The reproducibility of cervical histology diagnoses is critical for efficient screening and to evaluate the effectiveness of new technologies. The vast majority of cervical intraepithelial neoplasia (CIN) diagnoses reported in the New Technologies for Cervical Cancer study were blindly reviewed by 2 independent pathologists. Only H&E-stained slides were used for the review. The reviewers were asked to reclassify cases using the following categories: normal CIN 1, CIN 2, CIN 3, and squamous and glandular invasive cancer. We reviewed 1,003 cases. The interobserver agreement was 0.36 (95% confidence interval [CI], 0.32–0.40) with an unweighted κ and 0.54 with a weighted κ (95% CI, 0.50–0.58). The κ values from dichotomous classifications with the threshold at CIN 2 were 0.69 (95% CI, 0.64–0.73) and 0.57 (95% CI, 0.51–0.63) with the threshold at CIN 3. The CIN 2 diagnosis had the lowest class-specific agreement, with fewer than 50% of cases confirmed by the panel members, which supports the fact that CIN 2 is not a well-defined stage in the pathogenesis of cervical neoplasia.
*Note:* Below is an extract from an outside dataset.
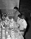 Works Projects Administration (WPA) has Christmas toy factory at Third and Jones St., Fort Worth; from left, Joseph D. Pack, Mrs. Rosemary Gattman, and Mrs. Julia Lee make dolls.
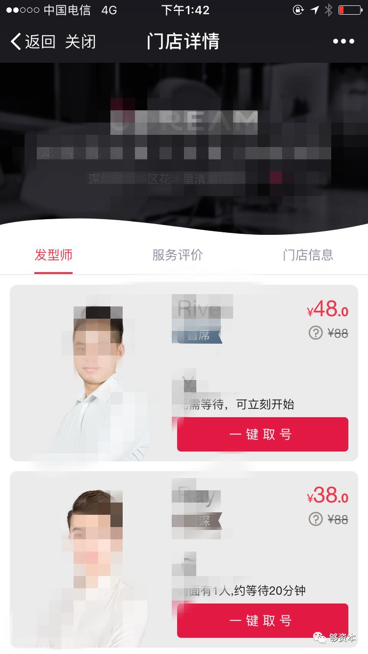 4.在我剪发的过程中,源源不断的有客人在网络上预约好,并进店等待。我结束理发以后,马上有新的客人入座。

The reproducibility of cervical cytology and histology diagnoses is critical for implementing an effective screening program. The correct classification of precancerous cervical lesions is a matter of debate,1–4 and histology reports are generally used as the “gold standard” to measure the impact of new screening and vaccine technologies.5
Difficulties in the interpretation of these reports may arise for 2 reasons. First, the morphologic features of precancerous cervical lesions can be seen as a continuum.4 Evidence indicates that CIN 1 and koilocytes are related to the lytic cycle of human papillomavirus (HPV) infection and that CIN 3 is the true cervical cancer precursor, more commonly associated with virus integration in the host DNA,3,6 while the meaning of CIN 2 diagnosis is less clear.2,7 Second, some nonneoplastic abnormalities such as atrophy, immature squamous metaplasia, and atypia related to intense inflammation can mimic CIN,8,9 especially when histologic slides are not optimal and not clearly oriented.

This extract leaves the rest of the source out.